[Opening Data provided section]

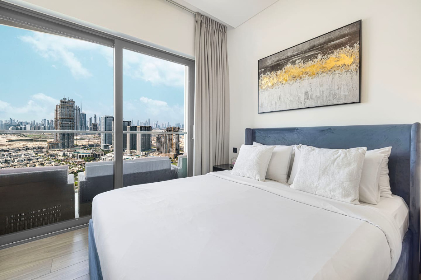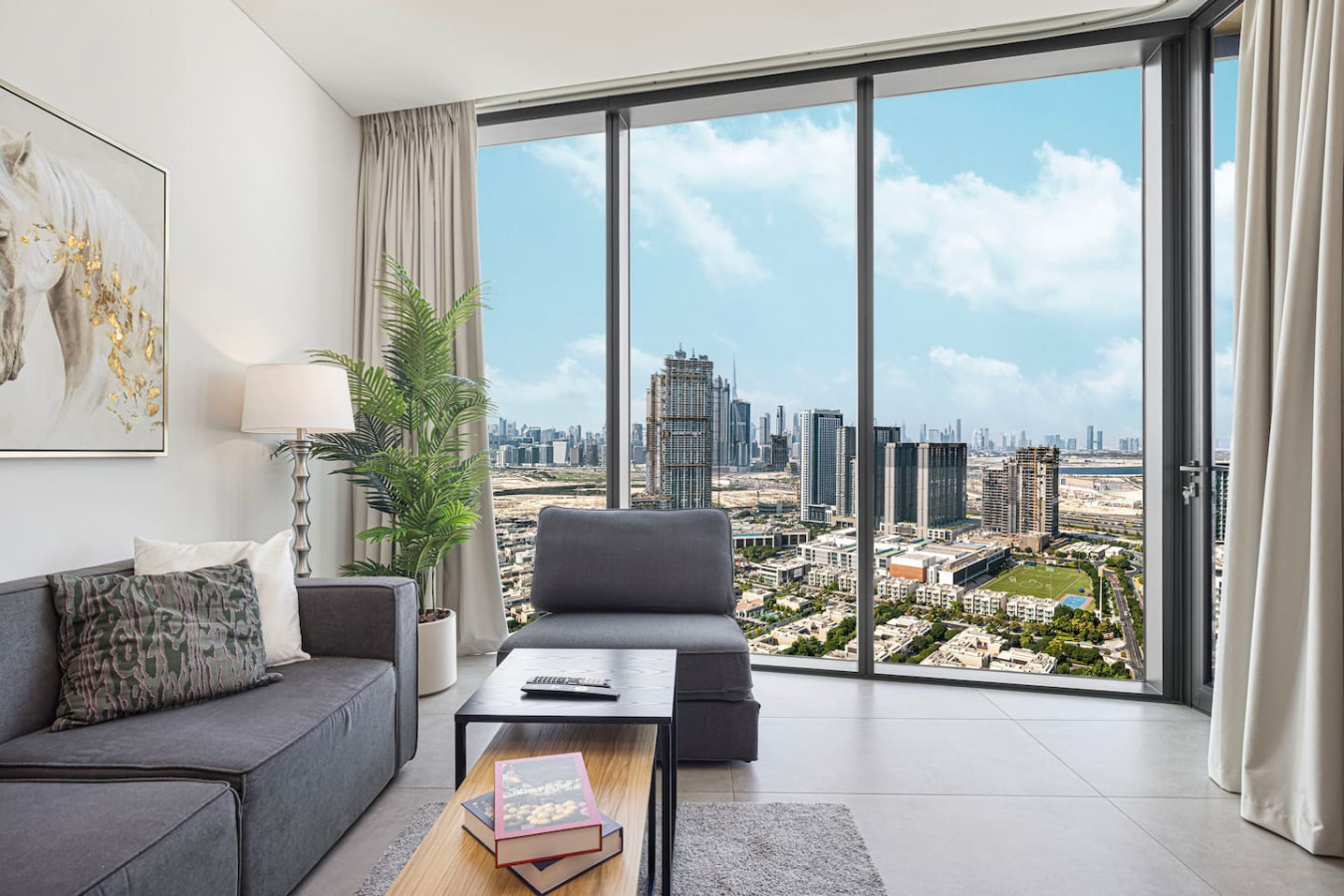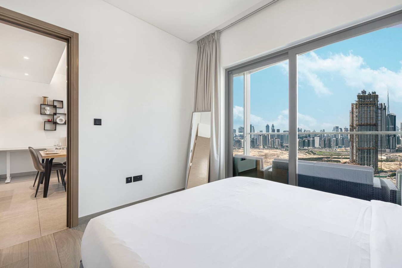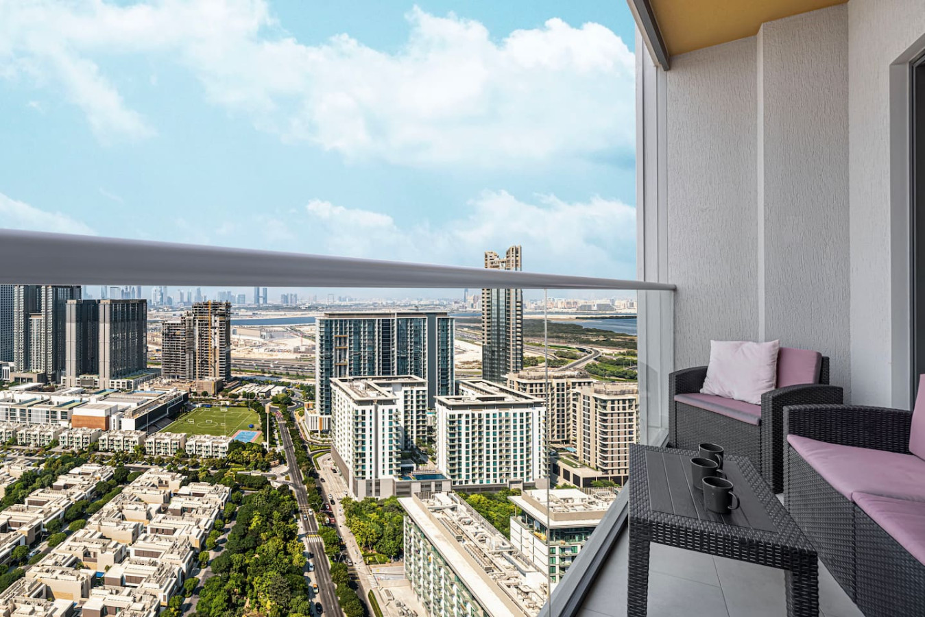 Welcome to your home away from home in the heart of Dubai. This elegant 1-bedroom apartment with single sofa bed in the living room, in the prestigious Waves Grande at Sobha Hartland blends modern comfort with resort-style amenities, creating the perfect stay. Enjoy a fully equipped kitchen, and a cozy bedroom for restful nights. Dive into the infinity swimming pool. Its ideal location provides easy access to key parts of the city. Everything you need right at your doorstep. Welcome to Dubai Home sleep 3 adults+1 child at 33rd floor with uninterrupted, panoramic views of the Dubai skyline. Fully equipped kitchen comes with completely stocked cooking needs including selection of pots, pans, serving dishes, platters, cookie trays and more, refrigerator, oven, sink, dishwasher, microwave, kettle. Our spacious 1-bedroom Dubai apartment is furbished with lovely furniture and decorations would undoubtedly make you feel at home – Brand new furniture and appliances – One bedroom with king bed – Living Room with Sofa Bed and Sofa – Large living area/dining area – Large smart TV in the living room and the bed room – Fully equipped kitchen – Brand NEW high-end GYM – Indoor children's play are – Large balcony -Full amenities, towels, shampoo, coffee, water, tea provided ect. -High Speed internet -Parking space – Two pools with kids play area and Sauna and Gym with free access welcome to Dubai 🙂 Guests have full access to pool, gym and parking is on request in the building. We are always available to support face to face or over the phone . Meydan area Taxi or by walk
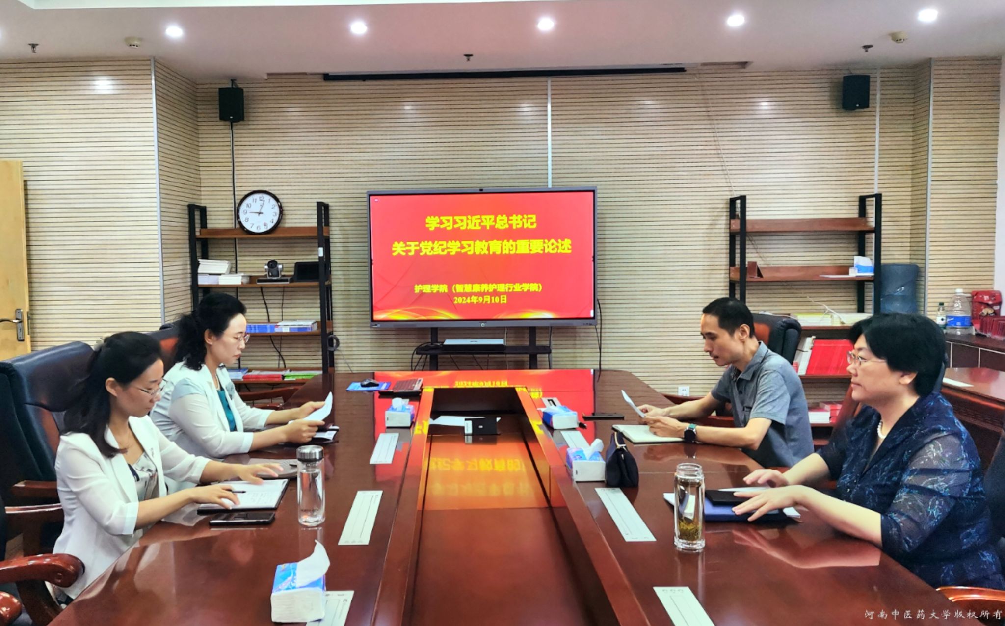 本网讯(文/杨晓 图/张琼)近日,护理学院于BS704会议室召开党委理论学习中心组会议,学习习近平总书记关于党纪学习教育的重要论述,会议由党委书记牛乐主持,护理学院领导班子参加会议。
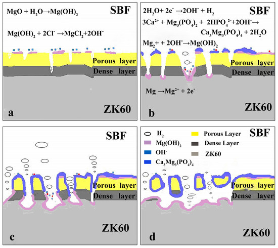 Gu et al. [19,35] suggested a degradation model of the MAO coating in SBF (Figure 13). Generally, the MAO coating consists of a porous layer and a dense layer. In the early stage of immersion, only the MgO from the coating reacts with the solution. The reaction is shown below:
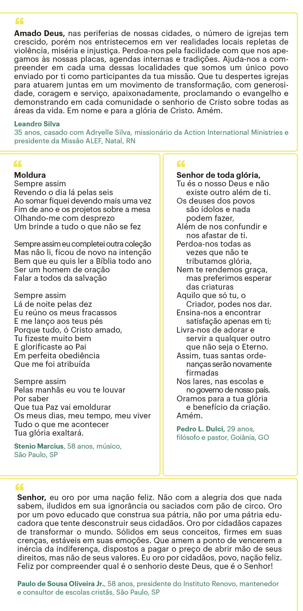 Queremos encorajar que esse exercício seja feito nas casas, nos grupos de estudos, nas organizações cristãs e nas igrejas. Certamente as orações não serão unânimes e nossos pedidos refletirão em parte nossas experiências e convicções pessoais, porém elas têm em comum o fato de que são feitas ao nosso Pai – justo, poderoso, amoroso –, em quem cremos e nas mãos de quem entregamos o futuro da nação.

[Closing Data provided section]

• Task to carry out
Please retype the listing in full, exactly as given, and skip every image.

• Your response
 Welcome to your home away from home in the heart of Dubai. This elegant 1-bedroom apartment with single sofa bed in the living room, in the prestigious Waves Grande at Sobha Hartland blends modern comfort with resort-style amenities, creating the perfect stay. Enjoy a fully equipped kitchen, and a cozy bedroom for restful nights. Dive into the infinity swimming pool. Its ideal location provides easy access to key parts of the city. Everything you need right at your doorstep. Welcome to Dubai Home sleep 3 adults+1 child at 33rd floor with uninterrupted, panoramic views of the Dubai skyline. Fully equipped kitchen comes with completely stocked cooking needs including selection of pots, pans, serving dishes, platters, cookie trays and more, refrigerator, oven, sink, dishwasher, microwave, kettle. Our spacious 1-bedroom Dubai apartment is furbished with lovely furniture and decorations would undoubtedly make you feel at home – Brand new furniture and appliances – One bedroom with king bed – Living Room with Sofa Bed and Sofa – Large living area/dining area – Large smart TV in the living room and the bed room – Fully equipped kitchen – Brand NEW high-end GYM – Indoor children's play are – Large balcony -Full amenities, towels, shampoo, coffee, water, tea provided ect. -High Speed internet -Parking space – Two pools with kids play area and Sauna and Gym with free access welcome to Dubai 🙂 Guests have full access to pool, gym and parking is on request in the building. We are always available to support face to face or over the phone . Meydan area Taxi or by walk
 本网讯(文/杨晓 图/张琼)近日,护理学院于BS704会议室召开党委理论学习中心组会议,学习习近平总书记关于党纪学习教育的重要论述,会议由党委书记牛乐主持,护理学院领导班子参加会议。
 Gu et al. [19,35] suggested a degradation model of the MAO coating in SBF (Figure 13). Generally, the MAO coating consists of a porous layer and a dense layer. In the early stage of immersion, only the MgO from the coating reacts with the solution. The reaction is shown below:
 Queremos encorajar que esse exercício seja feito nas casas, nos grupos de estudos, nas organizações cristãs e nas igrejas. Certamente as orações não serão unânimes e nossos pedidos refletirão em parte nossas experiências e convicções pessoais, porém elas têm em comum o fato de que são feitas ao nosso Pai – justo, poderoso, amoroso –, em quem cremos e nas mãos de quem entregamos o futuro da nação.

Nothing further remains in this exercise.